15. The system of claim 14, wherein the dynamic computational model unit is configured to adaptively generate the two or more dynamic computational models including one or a combination of two or more of a rule-based model, a decision tree, a regression model, a neural network model, a random forest, a voting model, a fuzzy logic model, or a support vector machine model.

16. The system of claim 14, wherein the two or more partial predictor circuits include a first partial predictor circuit and a second partial predictor circuit different from the first partial predictor circuit by at least one of the one or more candidate signal features or the dynamic computational model.

17. A method, comprising:

adaptively generating at least first and second dynamic computational models;

receiving at least one physiologic signal obtained from a patient;

generating one or more candidate signal features using the at least one physiologic signal;

calculating a first partial risk index using first signal features and the first dynamic computational model and calculating a second partial risk index using second signal features and the second dynamic computational model, the first and second signal features respectively selected from the one or more candidate signal features, the first partial risk index indicating a likelihood of the patient developing a first precursor physiologic event, the second partial risk index indicating a likelihood of the patient developing a second precursor physiologic event, the first and second precursor physiologic events indicative or correlative of a future target physiologic event;

generating a composite risk indicator using one or both of the first and second partial risk indices, the composite risk indicator indicative of a likelihood of the patient developing the future target physiologic event.

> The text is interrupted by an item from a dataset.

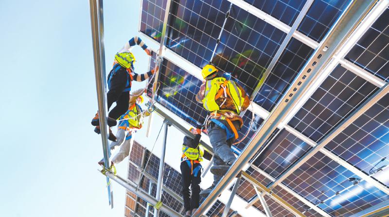 工人在安装光伏板。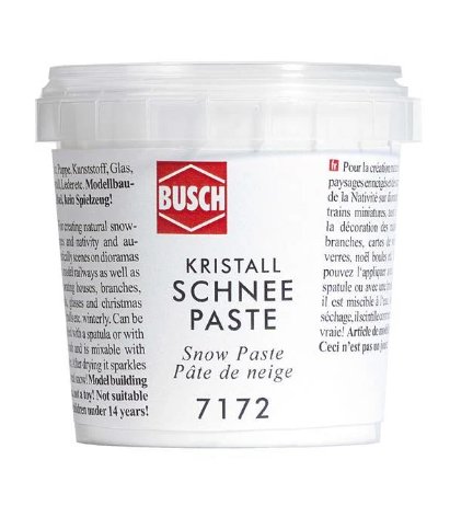 For the authentic design of natural snow landscapes in diorama construction and on model railways, cribs, houses, branches, greeting cards, glasses, Christmas tree balls, etc. Sparkles like true snow after drying! Can be applied with a spatula or brush (if necessary, incorporate into the still soft mass traces of vehicles, animals, etc.). Dilutable with water. After a drying time of 2 - 3 hours, the snow surface is firm, but still elastic. Adheres to wood, cardboard, plastic, glass, metal, leather etc.

18. The method of claim 17, wherein adaptively generating the at least first and second dynamic computational models includes generating the first dynamic computational model having different type or different structure than the second dynamic computational model, the types of the models including a rule-based model, a decision tree, a regression model, a neural network model, a random forest, a voting model, a fuzzy logic model, or a support vector machine model.

19. The method of claim 17, wherein calculating the first partial risk index includes calculating a risk index indicating a likelihood of the patient developing a pulmonary event, and wherein calculating the second partial risk index includes calculating a risk index indicating a likelihood of the patient developing a cardiac event.

20. The method of claim 17, wherein generating the composite risk indicator includes taking a linear or nonlinear combination of the first and second partial risk indices.